На его лице появилось суровое, замкнутое выражение. И Синица забеспокоился. Если он сейчас потеряет контакт с Куприяновым, что стоит тому просто оборвать разговор? В конце концов, этот человек вовсе не обязан ворошить для него свои тяжёлые воспоминания.
– Постойте, Георгий Антонович! Вы не правы. Мне вовсе не всё равно. Однако, я должен сохранять нейтралитет, и я стараюсь. Не забудьте, я вижу Вас впервые. И прекрасно понимаю, что жизнь редко бывает чёрно-белой и однозначной. А сейчас, давайте я поработаю «адвокатом дьявола». И вот, пожалуйста, для начала.
Вы решили честно поговорить с Пашей. Перед Эрной повиниться. Ко мне – незнакомому усатому зелёному москалю – Вы, зрелый преуспевающий киевлянин, пришли и предложили помочь. Могли же, с вашими-то деньгами, попробовать всех купить! Возьмём Эрну с Пашей – не бедствуют, но и не процветают. Я частник проклятый и наёмная рабочая сила. Скорей всего продаюсь. Ну что, не так?
– Силён, господин Синица, спасибо, не ожидал! – усмехнулся Куприянов. – Ну что ж, молодец, хвалю. Только насчёт «усатого москаля» Вы зря. Я в эти «национальные» игры никогда не играл.

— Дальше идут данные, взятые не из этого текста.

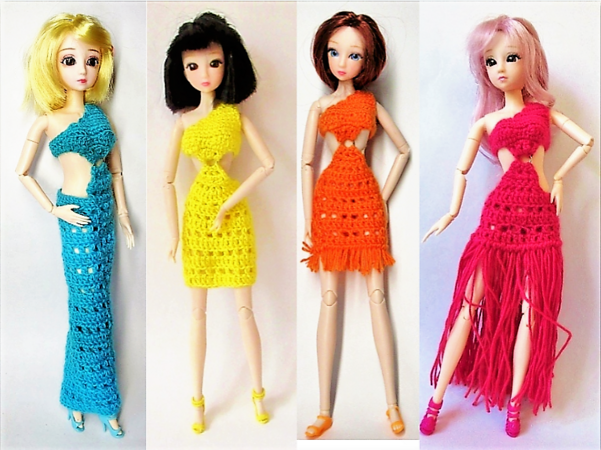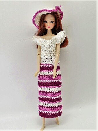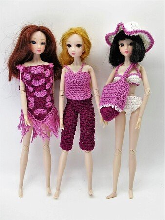 Eine komplette gehäkelte Urlaubsgarderobe für Modepüppchen: 10 Teile, die farblich aufeinender abgestimmt sind und so alle miteinander kombiniert werden können: Bikinioberteil, Bikinihöschen, Spaghetti-Top, Spitzenbluse, Shorts, Caprihose, Fransentunika, Maxirock, Sonnenhut und Strandtasche!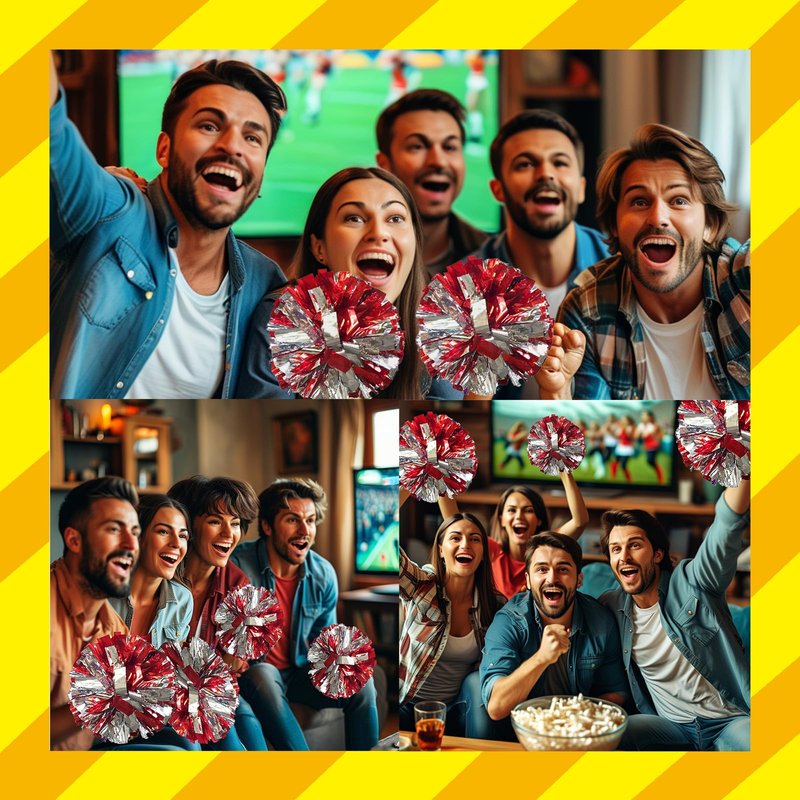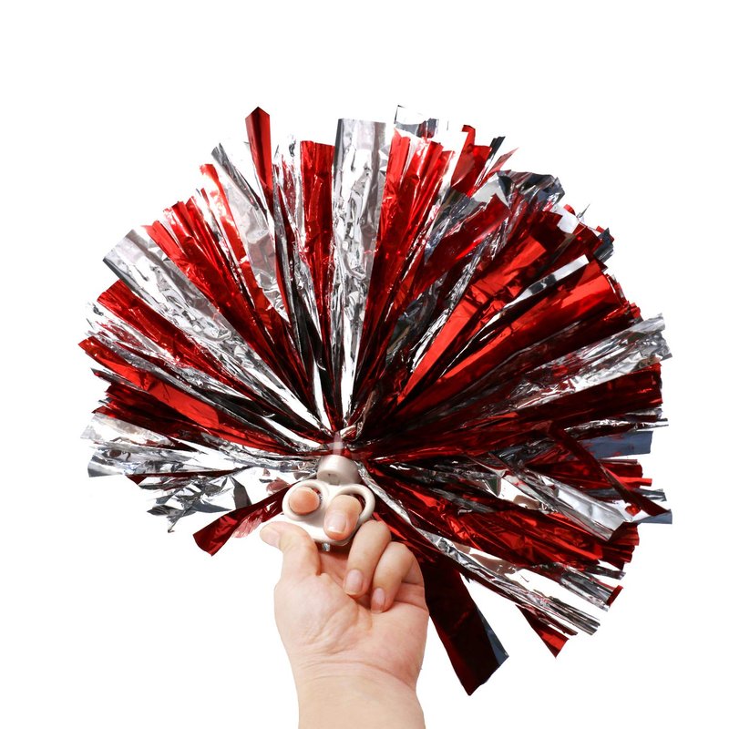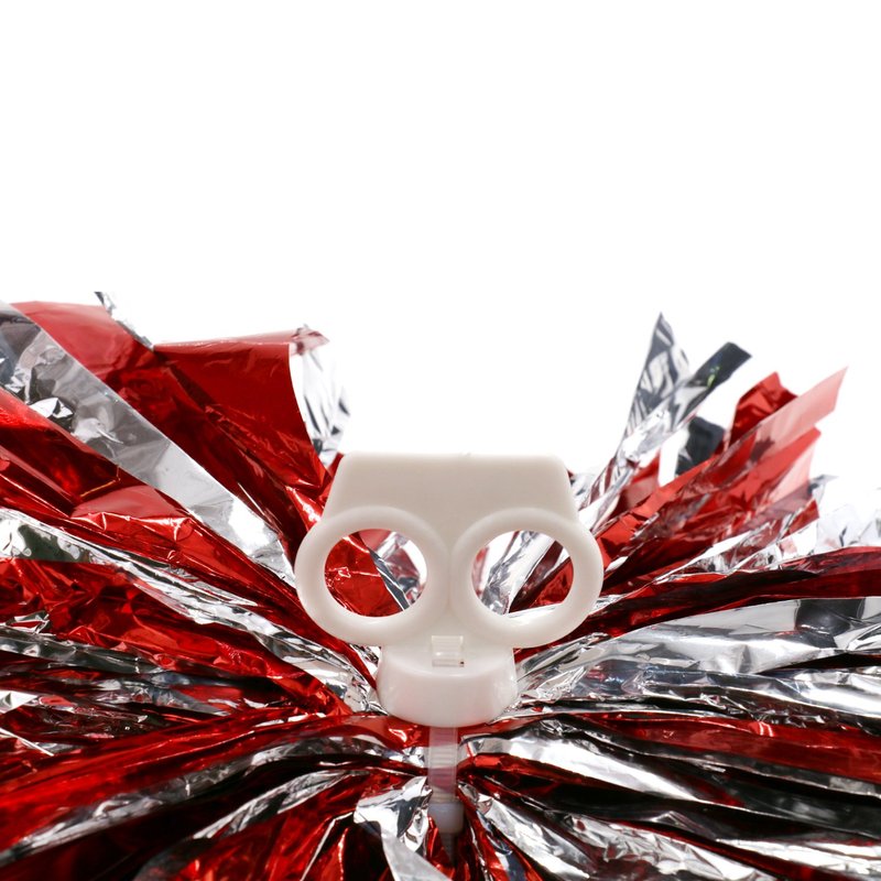 - Cheerleading pom poms in eye-catching red and silver metallic foil with smooth, comfortable ring handles, perfect for cheerleaders, dancers, and performers.

Ну хорошо, слушайте. Я начну издалека. Я сам, правда, киевлянин. Там родился. Но, знаете, Пётр Андреевич, я и не Куприянов вовсе. Я Хованский. Вернее, должен был быть Хованским. Моих родителей взяли, когда я совсем крохой был. Я родился после войны. Я старше Эрны на два года. Моему брату тогда было лет восемь или девять. Я точно даже не знаю.
Отец был кадровый офицер, артиллерист. А мама – агроном. Она розами занималась. Не теми, которыми все любуются – алыми, белыми и чайными. Эти почти не пахнут. А мелкими пахучими невзрачными розочками. Из них розовое масло добывают. Это всё мне тётя Настя рассказывала. Больше я почти ничего не знаю.
Он замолчал. С его красивого лица сошла суровость. Оно затуманилось и стало печальным. И Пётр не решился его поторопить.
– После войны, – начал немного погодя снова Куприянов, – снова накатила волна посадок. Отца взяли и сразу после ареста расстреляли. Маму через полгода ночью увезли, старшего брата отправили этапом в Караганду. Он умер от дизентерии в пути. Мама моя прожила в лагере два года, и её добила дистрофия.
У нас была домработница тётя Настя. Она растила моего брата, а потом и меня. Когда отца посадили, она меня отвезла к родственникам в деревню. Настя маму уговорила. Сказала, что там маленькому ребёнку здоровей и спокойней. А им надо об отце хлопотать да передачи носить. Забот и без меня хватает. Вот выяснится недоразумение, тогда меня домой заберут!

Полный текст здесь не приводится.